Humanitarian aid is stretched thin, as humanitarian actors must attend to both the threat of COVID-19 and ongoing conflict and displacement. Meanwhile, humanitarian workers face restrictions on movement that hamper their ability to provide aid. This is particularly pronounced in South Sudan where a third of the pre-war population remains displaced and where more than half of the population remains food insecure. The future of UN-hosted Protection of Civilian sites presents another atrocity risk. Given ongoing ethnic tensions, UN and government officials must balance the desire to close such crowded sites with the risks of doing so.
COVID-19 also presents opportunities to prevent atrocities.
In response to the pandemic, the UN Secretary-General called for a global ceasefire to consolidate efforts to fight COVID-19 in conflict areas.

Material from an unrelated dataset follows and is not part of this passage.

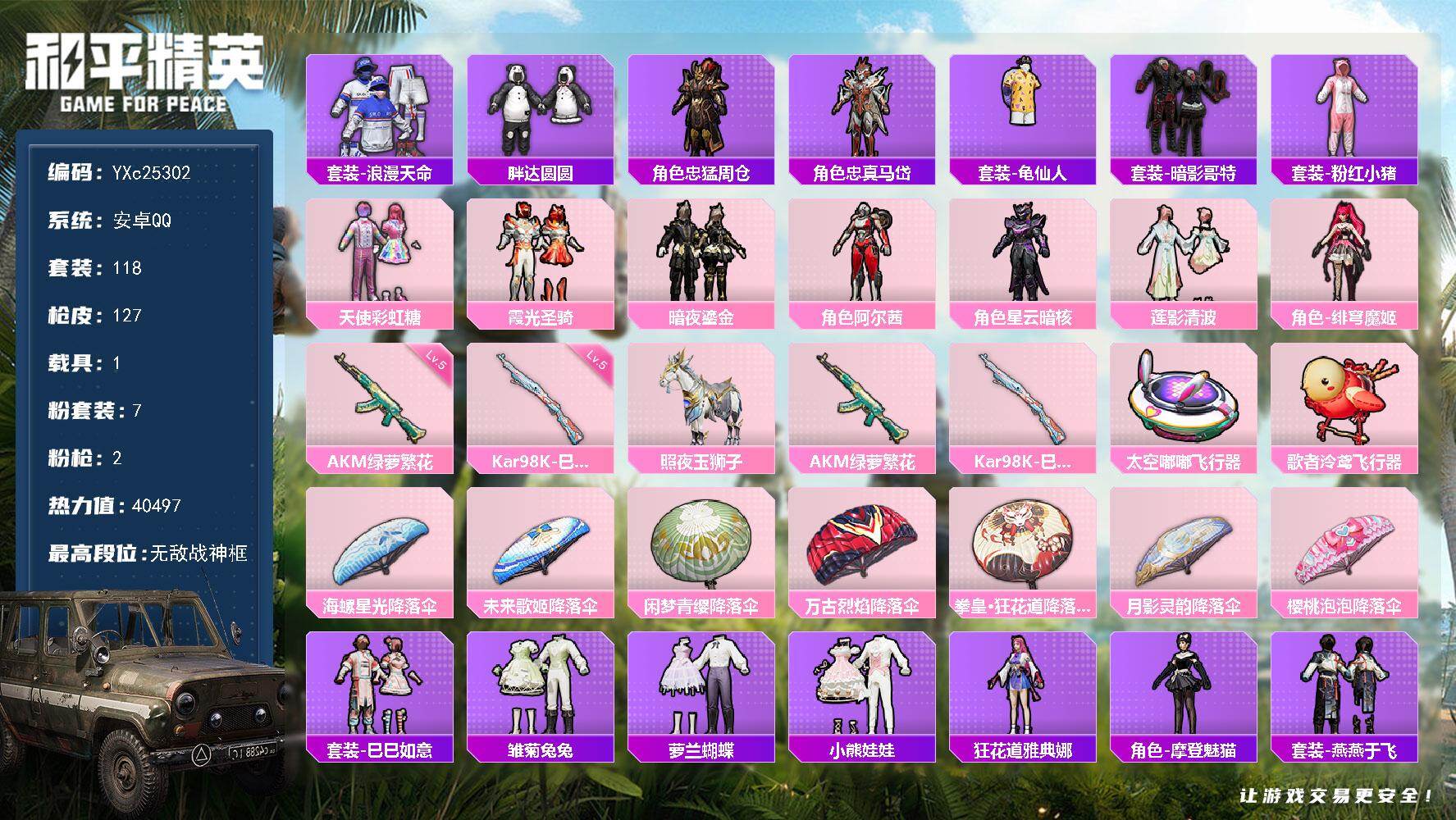游戏区服:和平精英 / 安卓系统 / QQ账号
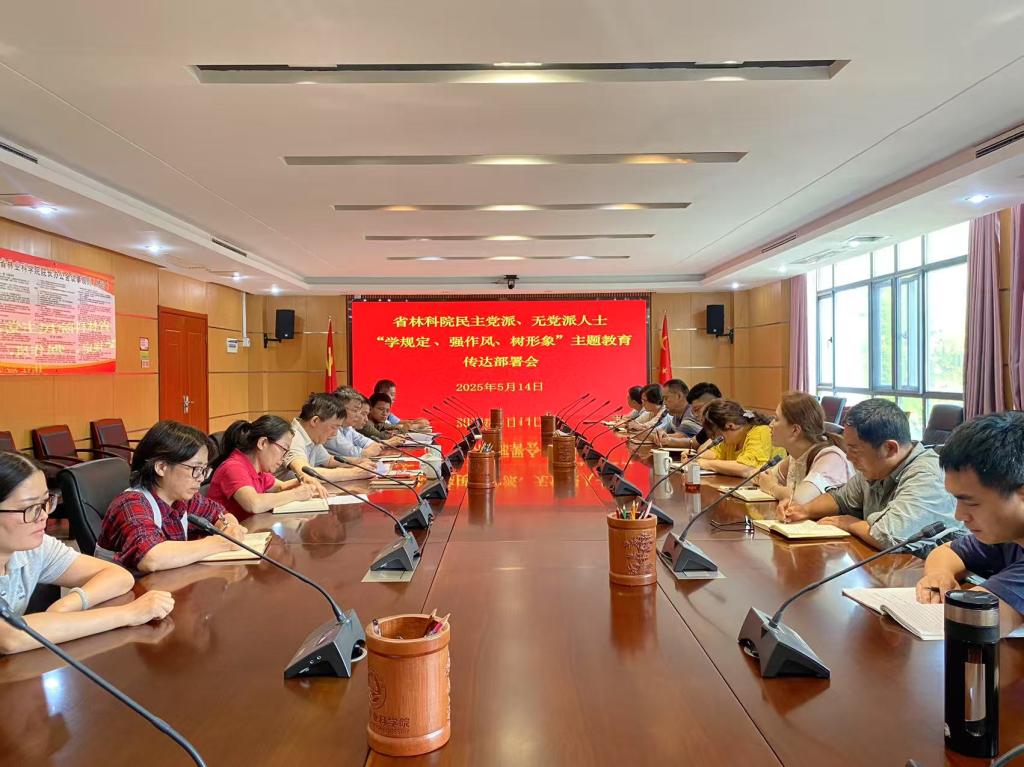 会议强调,在院各民主党派、无党派人士中开展“学规定、强作风、树形象”主题教育,是筑牢共同思想政治基础的必然要求、加强参政党建设的重要举措、发挥我国新型政党制度效能的有力保障。要深入学习研讨,深入学习习近平总书记关于加强党的作风建设的重要论述,持续贯彻落实中共中央八项规定及其实施细则精神;要弘扬优良传统,不断巩固团结奋斗的共同思想政治基础;要突出问题查摆,全面深入查找作风建设存在的问题;要抓好集中整治,列出清单、逐条专项制定整改措施;要加强制度建设,注重建章立制,做好整改落实“后半篇文章”;要提高政治站位,做好结合文章,强化支持保障,切实把主题教育谋划好、组织好、落实好,努力以作风建设新成效推动林业科技创新高质量发展。

Such a ceasefire is widely considered the first step in ending the Anglophone crisis in Cameroon. However, just one armed separatist group declared a ceasefire, with the Cameroonian government and other separatist groups failing to follow suit. The Secretary-General’s call represents a missed opportunity for the international community to pressure conflict actors to lay down arms and come to the negotiating table.
In addition, humanitarian actors could prioritize actions that both help control the pandemic and address risks of atrocities. For example, promoting internet access in conflict areas--while monitoring for hate speech--allows for COVID-19 awareness raising and contact tracing, and also allows for the reporting of conflict-related human rights violations.
The effects of COVID-19 on mass atrocities and atrocity prevention are varied and remain uncertain. But this discussion of Cameroon and South Sudan helped to identify some areas that should continue to be tracked. Governments must not be allowed to use the pandemic as an excuse to delay measures that help prevent atrocities. Efforts to contain the virus must be balanced with access for aid and outside observers. Finally, opportunities, like pushing for ceasefires, should not be missed. As we continue to face a pandemic with impacts that are likely to be long lasting, experts must continue to identify new risks as well as new prospects for building peace.